→ **PROBLEM DETAILS**
Set down the listing exactly as given, minus images.

→ **RECORDED INFORMATION**
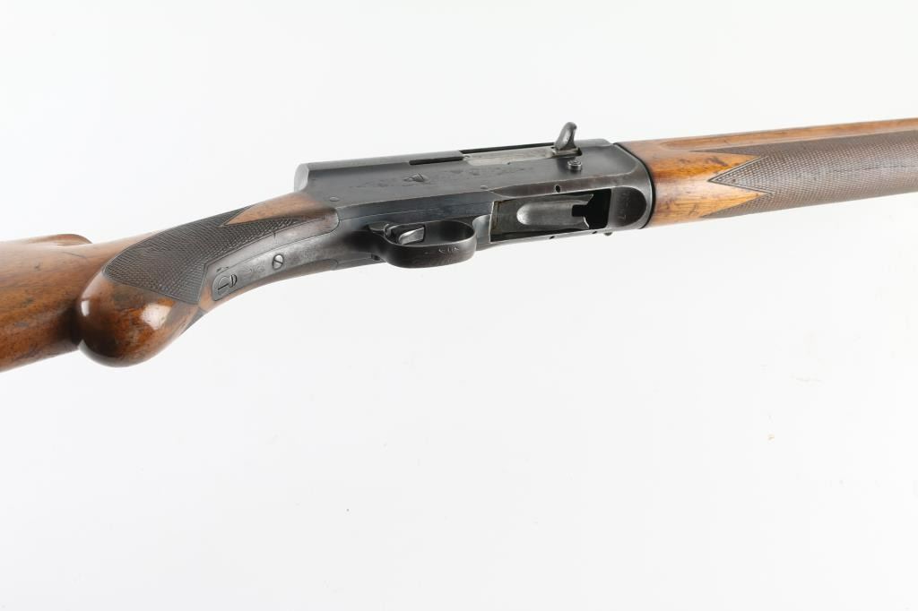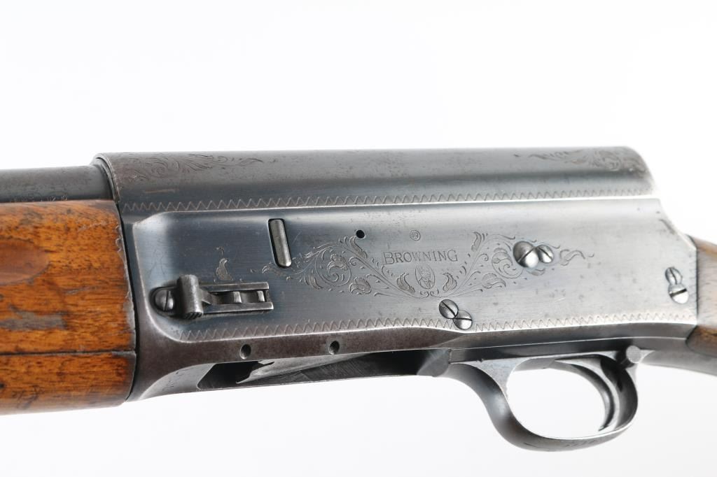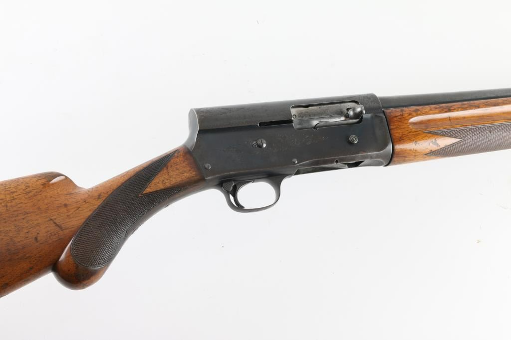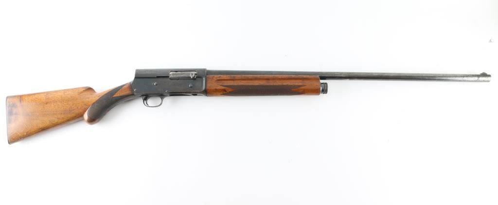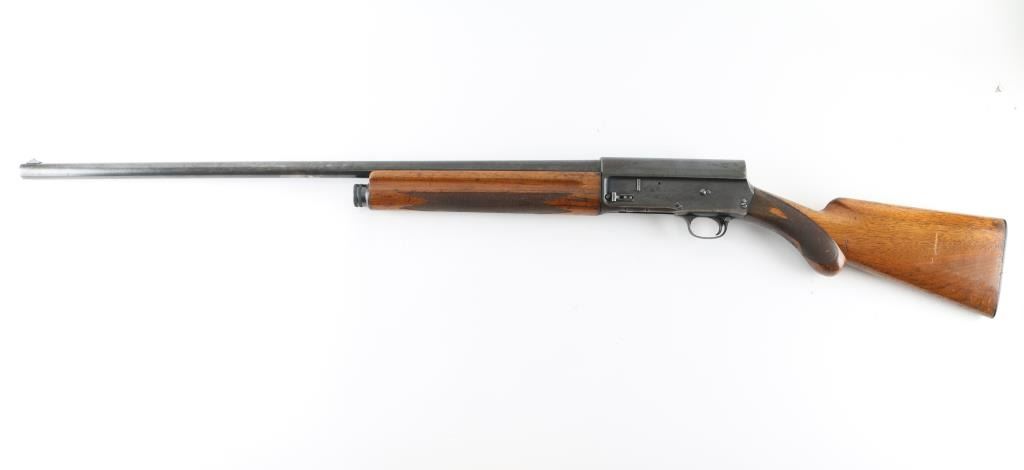 Made in Belgium this is the classic Auto 5 designed by John Moses Browning. It is a semi-auto shotgun chambered for 2.75" 12 gauge shells circa 1964. It has a 29.5" blued barrel and receiver with a raised bead front sight, magazine cut off, metal trigger guard, smooth trigger and manual safety behind the trigger. It has two piece wood stocks with checkering at the wrist and forearm and finger grooves above the checkering on the forearm. It has a black butt plate with Browning Automatic embossed around the outer portion and FN in the middle. Metal finish is mostly gone or fading along the barrel while the receiver is starting to patina. There is a crack in the forearm about 5" long starting from the receiver going toward the muzzle. It was probably caused by screwing the magazine cap too tight. Shoulder stock looks good but the gun was used. Bore looks good. LOP is 14.5". Choke measures Full. Condition is NRA Fair (needs replacement forearm) *C&R Firearm*
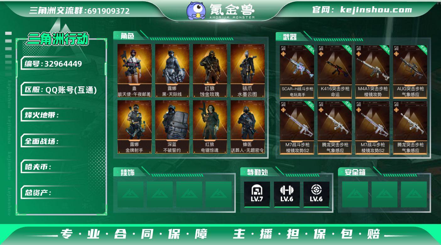 实名: 可修改 干员外观: 红狼-蚀金玫瑰,骇爪-水墨云图,蜂医-送葬人·无题密令(S5),露娜-黑·天际线,蛊-能天使·午夜邮差,深蓝-不破誓约(S6),红狼-电锯惊魂,露娜-金牌射手(S7) 传说武器皮肤: M4A1突击步枪-棱镜攻势(典藏),Vector冲锋枪-美杜莎(典藏),SCAR-H战斗步枪-电玩高手(典藏),近战-黑海,K416突击步枪-命运(典藏),AUG突击步枪-气象感应(典藏),腾龙突击步枪-气象感应(典藏),M7战斗步枪-棱镜攻势S2(典藏),近战-信条
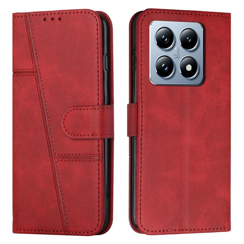 For Xiaomi 14T Stitching Calf Texture Buckle Leather Phone Case(Red)

→ **RESPONSE BOX**
 Made in Belgium this is the classic Auto 5 designed by John Moses Browning. It is a semi-auto shotgun chambered for 2.75" 12 gauge shells circa 1964. It has a 29.5" blued barrel and receiver with a raised bead front sight, magazine cut off, metal trigger guard, smooth trigger and manual safety behind the trigger. It has two piece wood stocks with checkering at the wrist and forearm and finger grooves above the checkering on the forearm. It has a black butt plate with Browning Automatic embossed around the outer portion and FN in the middle. Metal finish is mostly gone or fading along the barrel while the receiver is starting to patina. There is a crack in the forearm about 5" long starting from the receiver going toward the muzzle. It was probably caused by screwing the magazine cap too tight. Shoulder stock looks good but the gun was used. Bore looks good. LOP is 14.5". Choke measures Full. Condition is NRA Fair (needs replacement forearm) *C&R Firearm*
 实名: 可修改 干员外观: 红狼-蚀金玫瑰,骇爪-水墨云图,蜂医-送葬人·无题密令(S5),露娜-黑·天际线,蛊-能天使·午夜邮差,深蓝-不破誓约(S6),红狼-电锯惊魂,露娜-金牌射手(S7) 传说武器皮肤: M4A1突击步枪-棱镜攻势(典藏),Vector冲锋枪-美杜莎(典藏),SCAR-H战斗步枪-电玩高手(典藏),近战-黑海,K416突击步枪-命运(典藏),AUG突击步枪-气象感应(典藏),腾龙突击步枪-气象感应(典藏),M7战斗步枪-棱镜攻势S2(典藏),近战-信条
 For Xiaomi 14T Stitching Calf Texture Buckle Leather Phone Case(Red)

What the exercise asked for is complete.